◆ **Goal of the exercise**:
For this exercise, restate every line below word for word and drop the images.
== Material provided
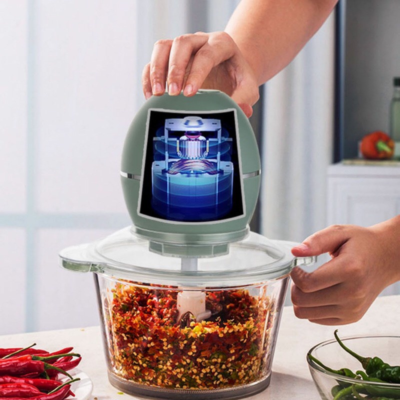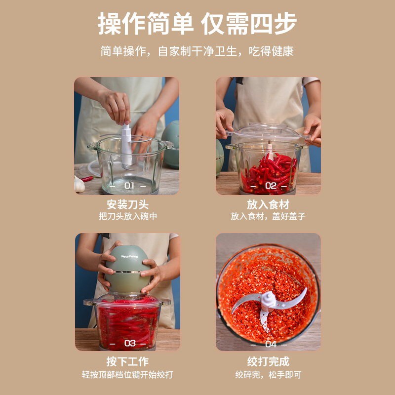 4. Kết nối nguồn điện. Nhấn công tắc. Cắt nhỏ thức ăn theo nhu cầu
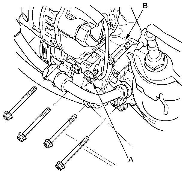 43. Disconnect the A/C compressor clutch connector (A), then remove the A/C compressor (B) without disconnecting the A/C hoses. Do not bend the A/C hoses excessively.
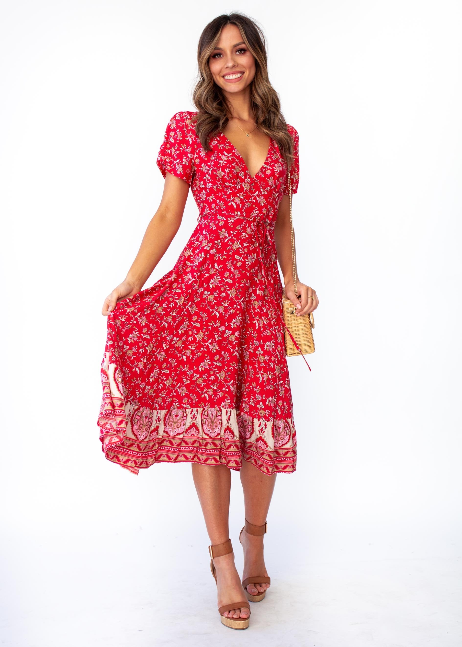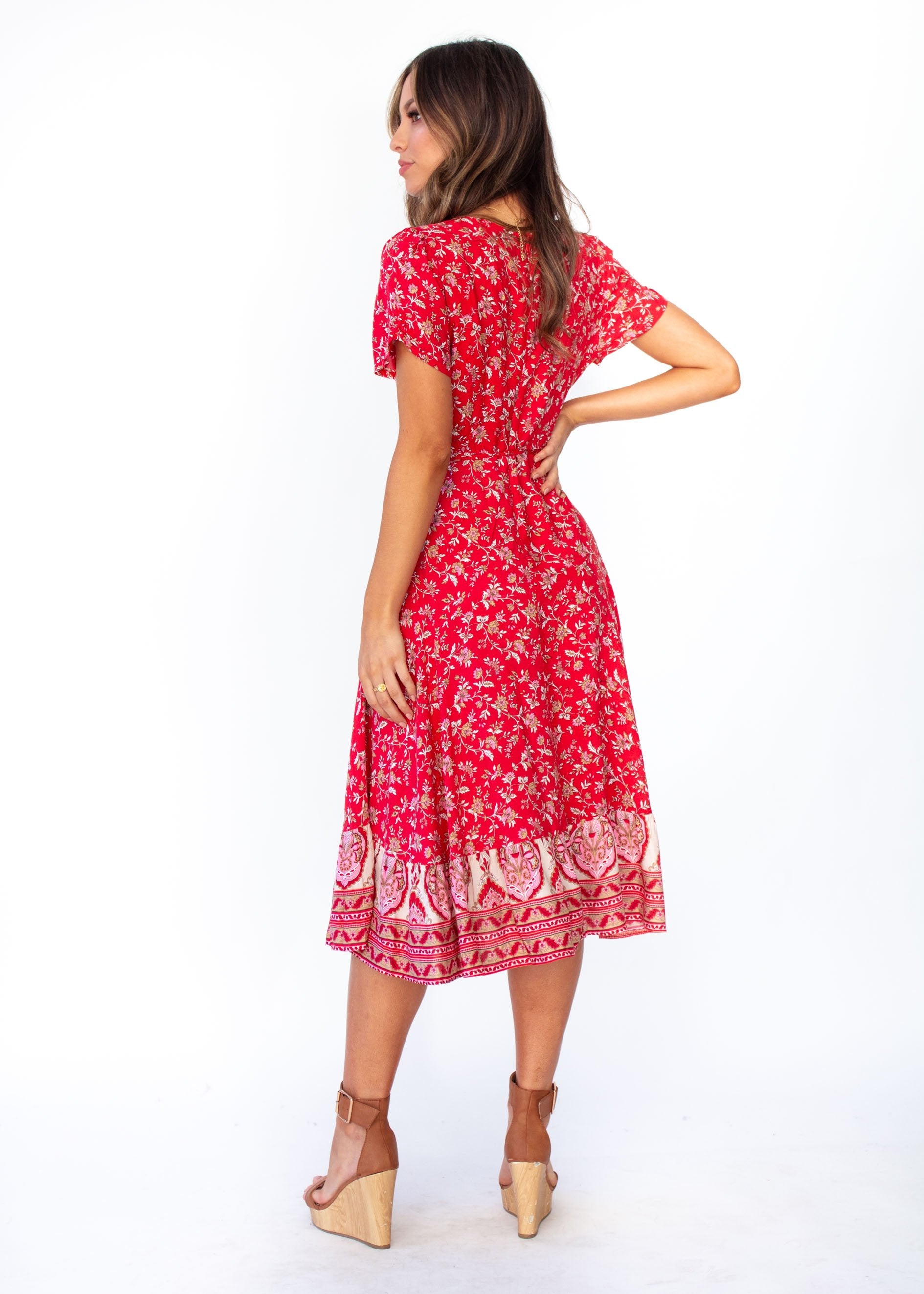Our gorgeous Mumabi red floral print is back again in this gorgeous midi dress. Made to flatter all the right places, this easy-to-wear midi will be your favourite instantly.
====
◆ **Your response**:
 4. Kết nối nguồn điện. Nhấn công tắc. Cắt nhỏ thức ăn theo nhu cầu
 43. Disconnect the A/C compressor clutch connector (A), then remove the A/C compressor (B) without disconnecting the A/C hoses. Do not bend the A/C hoses excessively.
Our gorgeous Mumabi red floral print is back again in this gorgeous midi dress. Made to flatter all the right places, this easy-to-wear midi will be your favourite instantly.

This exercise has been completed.